TASK TO CARRY OUT:
Beginning with the line containing "- 在虚拟机中安装Ubuntu 20.04" and ending at the last line of the data, set down every line exactly, leaving out all pictures.

THE DATA:
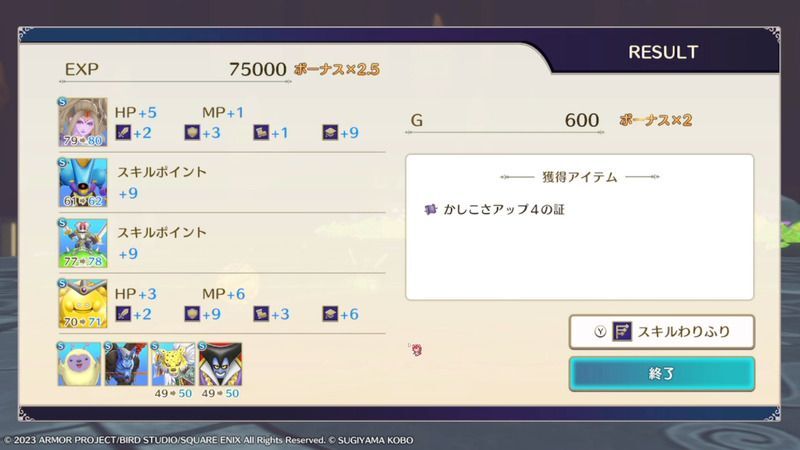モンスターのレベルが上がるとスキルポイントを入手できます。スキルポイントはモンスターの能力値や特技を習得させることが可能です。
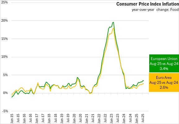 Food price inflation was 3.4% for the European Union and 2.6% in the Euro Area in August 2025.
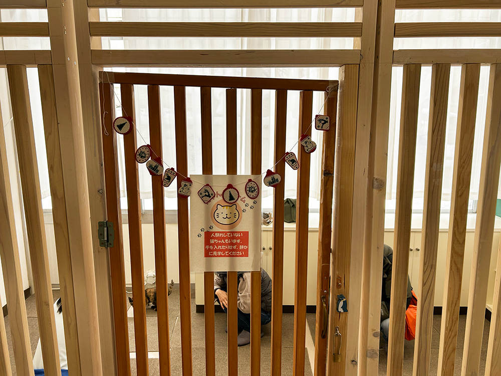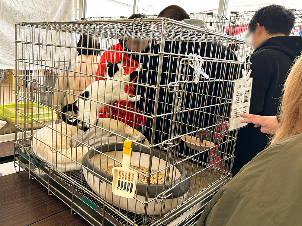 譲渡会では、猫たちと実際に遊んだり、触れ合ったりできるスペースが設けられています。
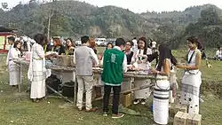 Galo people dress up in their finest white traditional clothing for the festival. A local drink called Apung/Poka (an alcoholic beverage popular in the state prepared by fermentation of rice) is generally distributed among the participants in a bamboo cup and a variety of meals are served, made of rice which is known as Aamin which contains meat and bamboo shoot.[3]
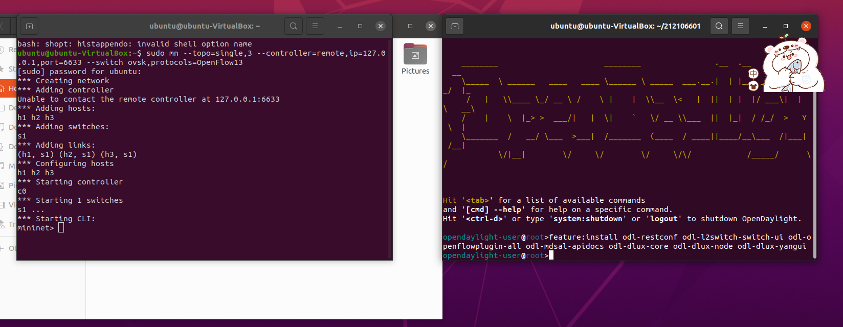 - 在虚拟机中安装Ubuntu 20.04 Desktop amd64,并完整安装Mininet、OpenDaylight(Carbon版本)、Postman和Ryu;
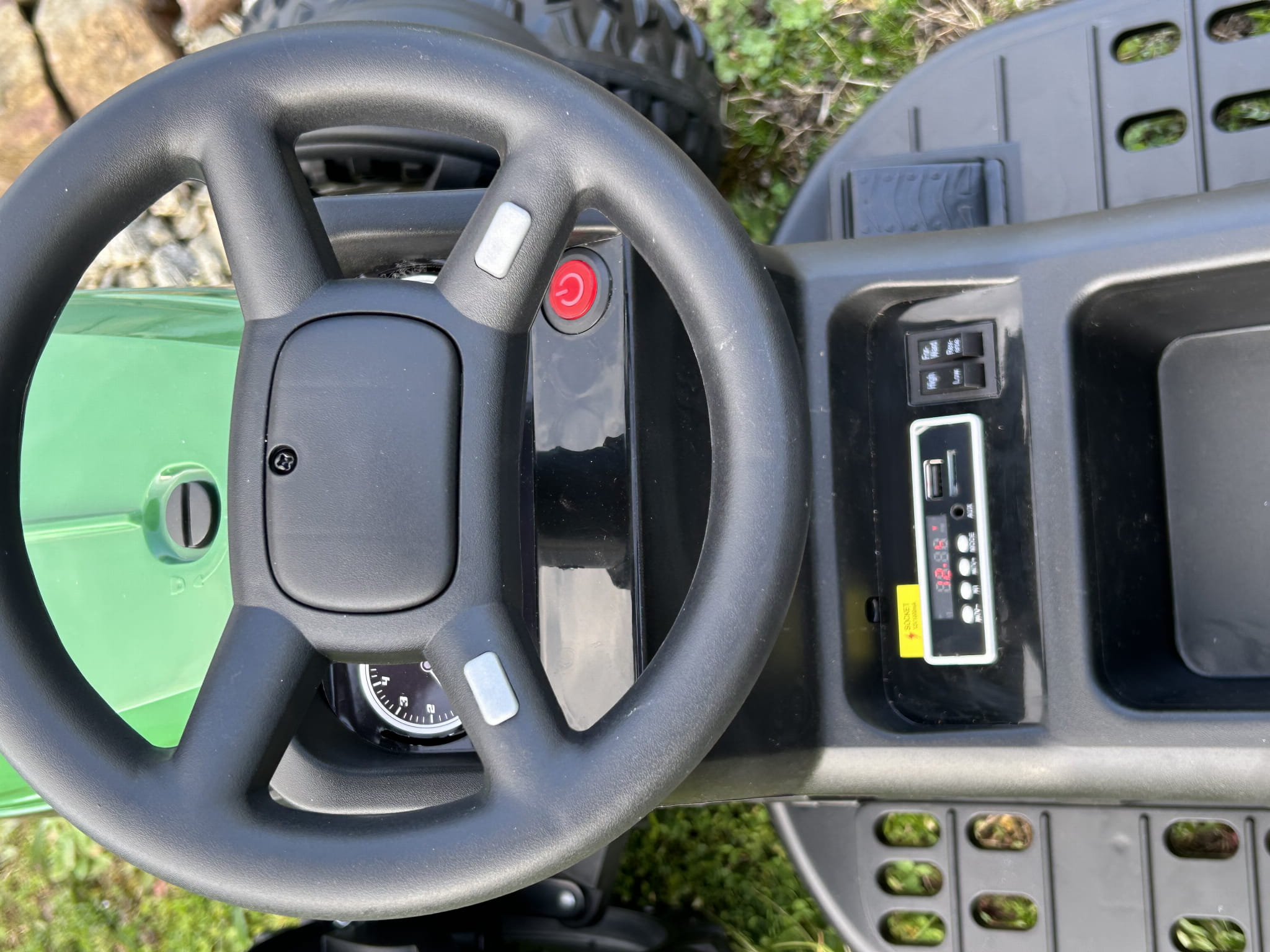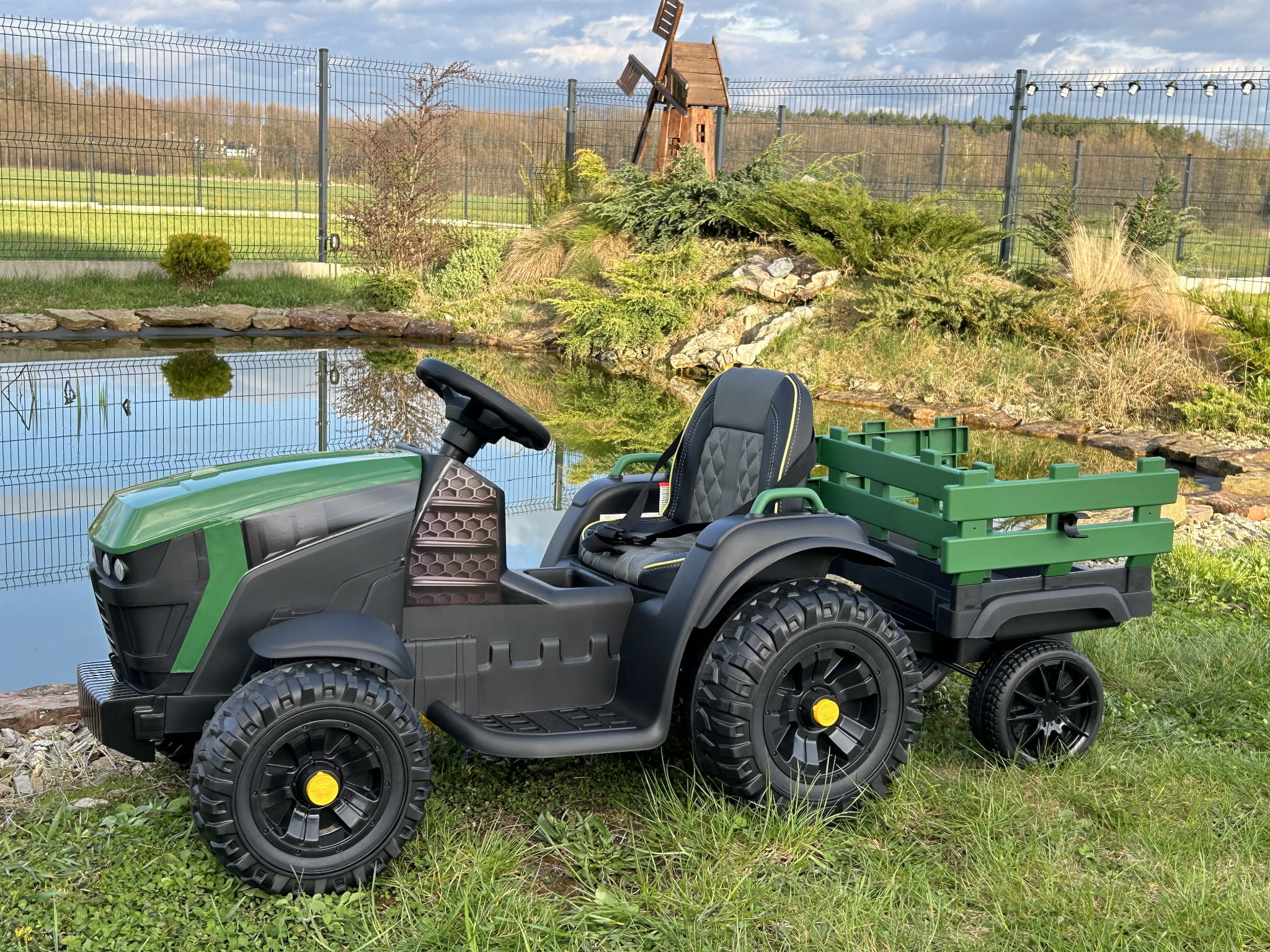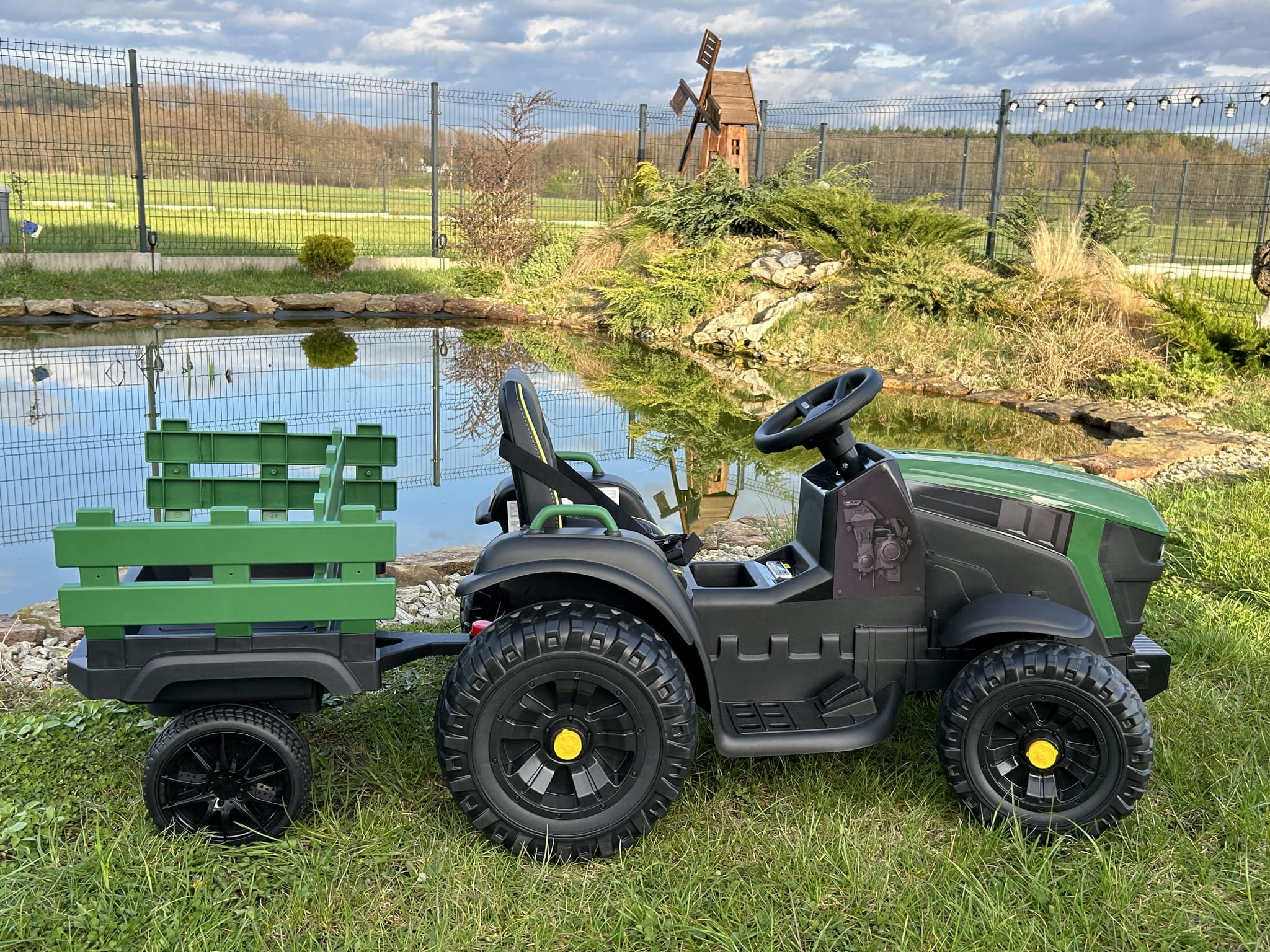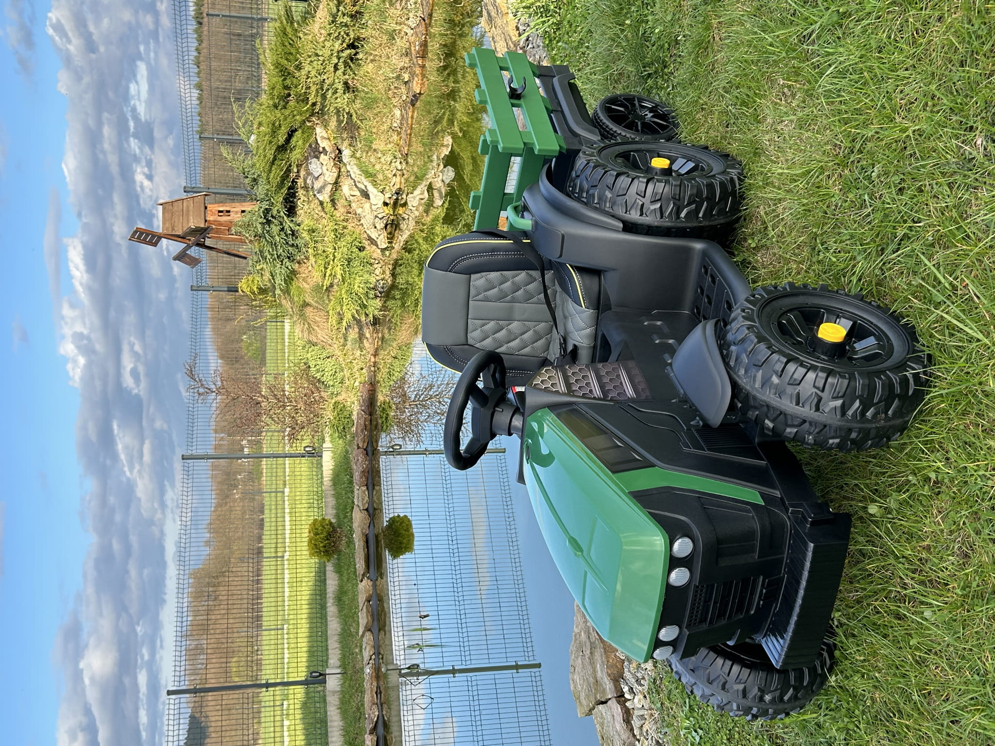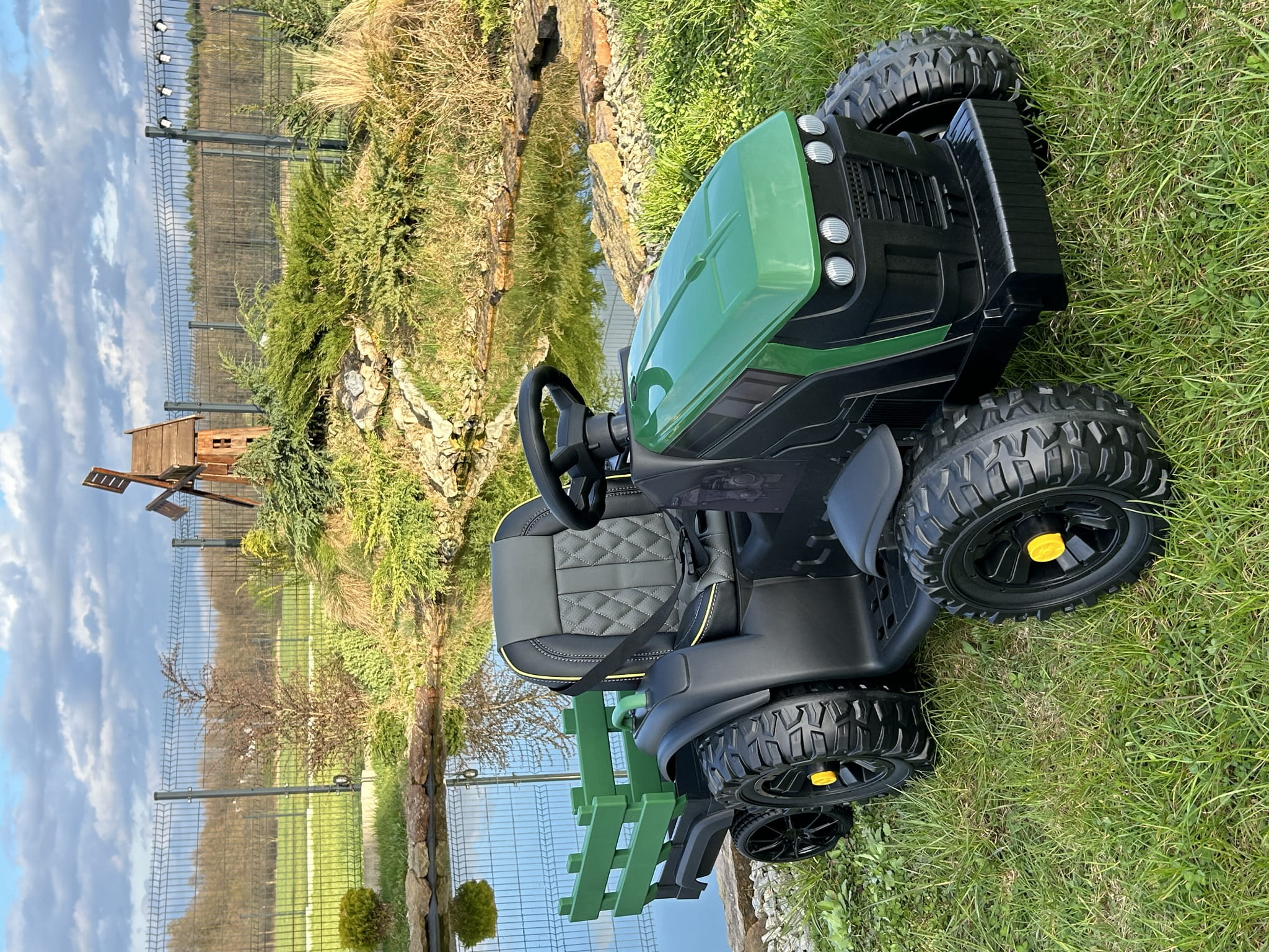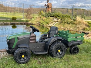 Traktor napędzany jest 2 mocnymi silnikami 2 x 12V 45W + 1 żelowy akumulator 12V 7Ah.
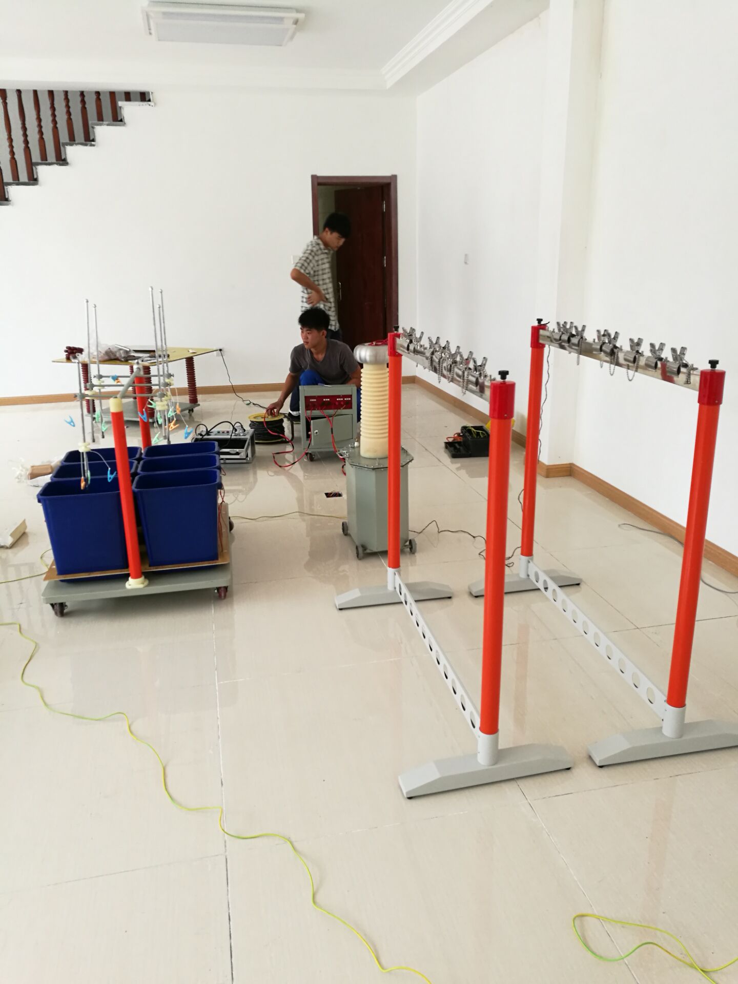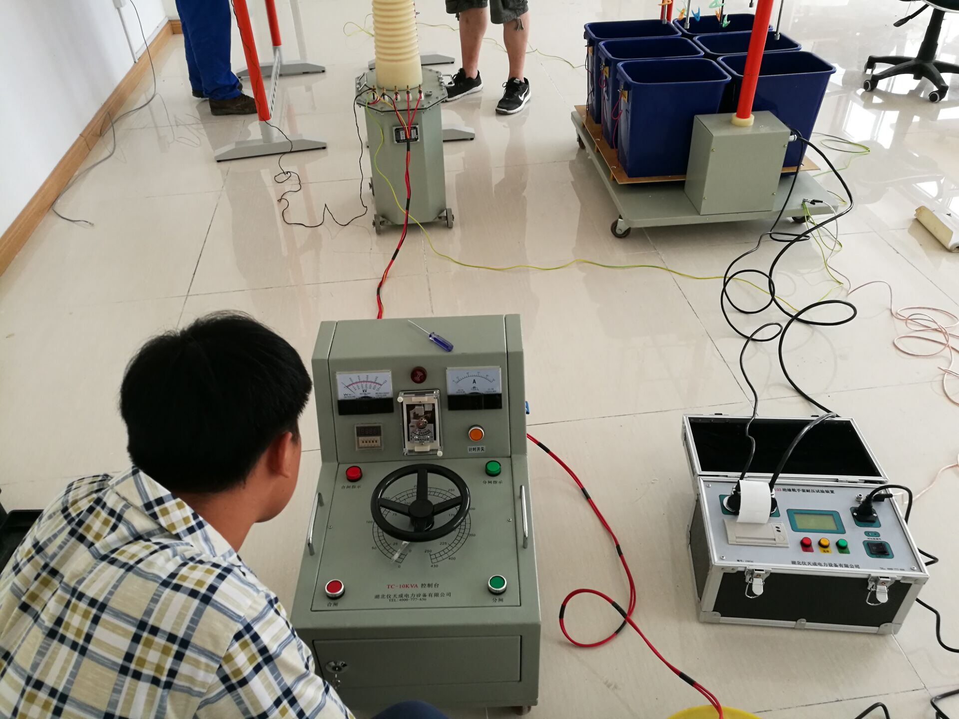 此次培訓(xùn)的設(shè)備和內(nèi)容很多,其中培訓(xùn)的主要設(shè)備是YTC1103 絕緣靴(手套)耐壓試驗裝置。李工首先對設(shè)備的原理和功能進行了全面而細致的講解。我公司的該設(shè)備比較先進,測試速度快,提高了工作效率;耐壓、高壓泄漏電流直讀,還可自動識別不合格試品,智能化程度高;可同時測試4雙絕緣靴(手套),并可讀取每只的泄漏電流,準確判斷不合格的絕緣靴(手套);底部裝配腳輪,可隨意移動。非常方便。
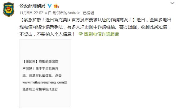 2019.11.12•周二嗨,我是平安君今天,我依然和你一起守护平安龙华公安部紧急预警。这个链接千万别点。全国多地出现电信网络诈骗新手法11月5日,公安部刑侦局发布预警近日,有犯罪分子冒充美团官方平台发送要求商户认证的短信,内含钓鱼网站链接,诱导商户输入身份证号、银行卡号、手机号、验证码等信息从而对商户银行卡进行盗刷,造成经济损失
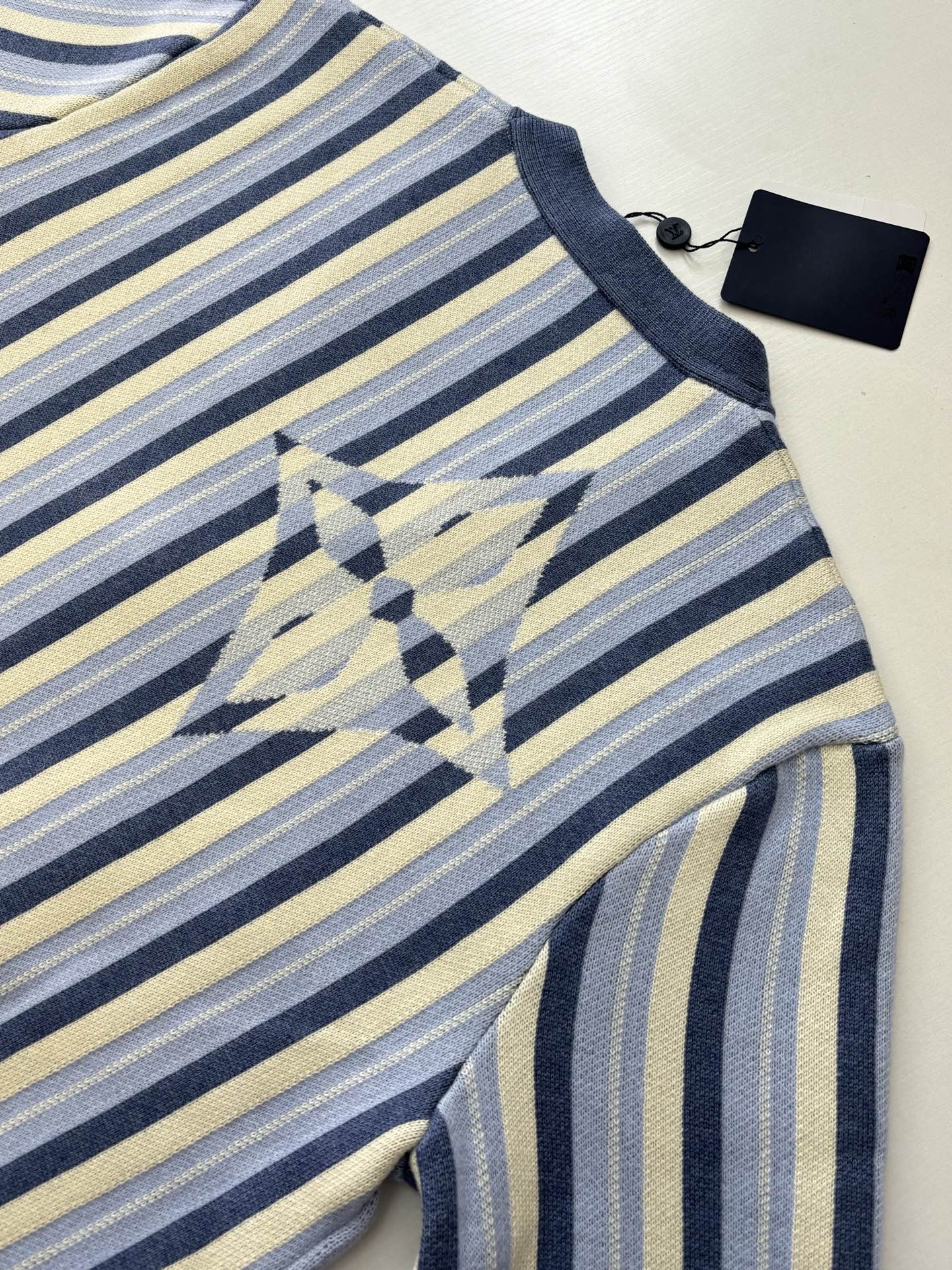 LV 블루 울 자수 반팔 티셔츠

WORKED SOLUTION:
 - 在虚拟机中安装Ubuntu 20.04 Desktop amd64,并完整安装Mininet、OpenDaylight(Carbon版本)、Postman和Ryu;
 Traktor napędzany jest 2 mocnymi silnikami 2 x 12V 45W + 1 żelowy akumulator 12V 7Ah.
 此次培訓(xùn)的設(shè)備和內(nèi)容很多,其中培訓(xùn)的主要設(shè)備是YTC1103 絕緣靴(手套)耐壓試驗裝置。李工首先對設(shè)備的原理和功能進行了全面而細致的講解。我公司的該設(shè)備比較先進,測試速度快,提高了工作效率;耐壓、高壓泄漏電流直讀,還可自動識別不合格試品,智能化程度高;可同時測試4雙絕緣靴(手套),并可讀取每只的泄漏電流,準確判斷不合格的絕緣靴(手套);底部裝配腳輪,可隨意移動。非常方便。
 2019.11.12•周二嗨,我是平安君今天,我依然和你一起守护平安龙华公安部紧急预警。这个链接千万别点。全国多地出现电信网络诈骗新手法11月5日,公安部刑侦局发布预警近日,有犯罪分子冒充美团官方平台发送要求商户认证的短信,内含钓鱼网站链接,诱导商户输入身份证号、银行卡号、手机号、验证码等信息从而对商户银行卡进行盗刷,造成经济损失
 LV 블루 울 자수 반팔 티셔츠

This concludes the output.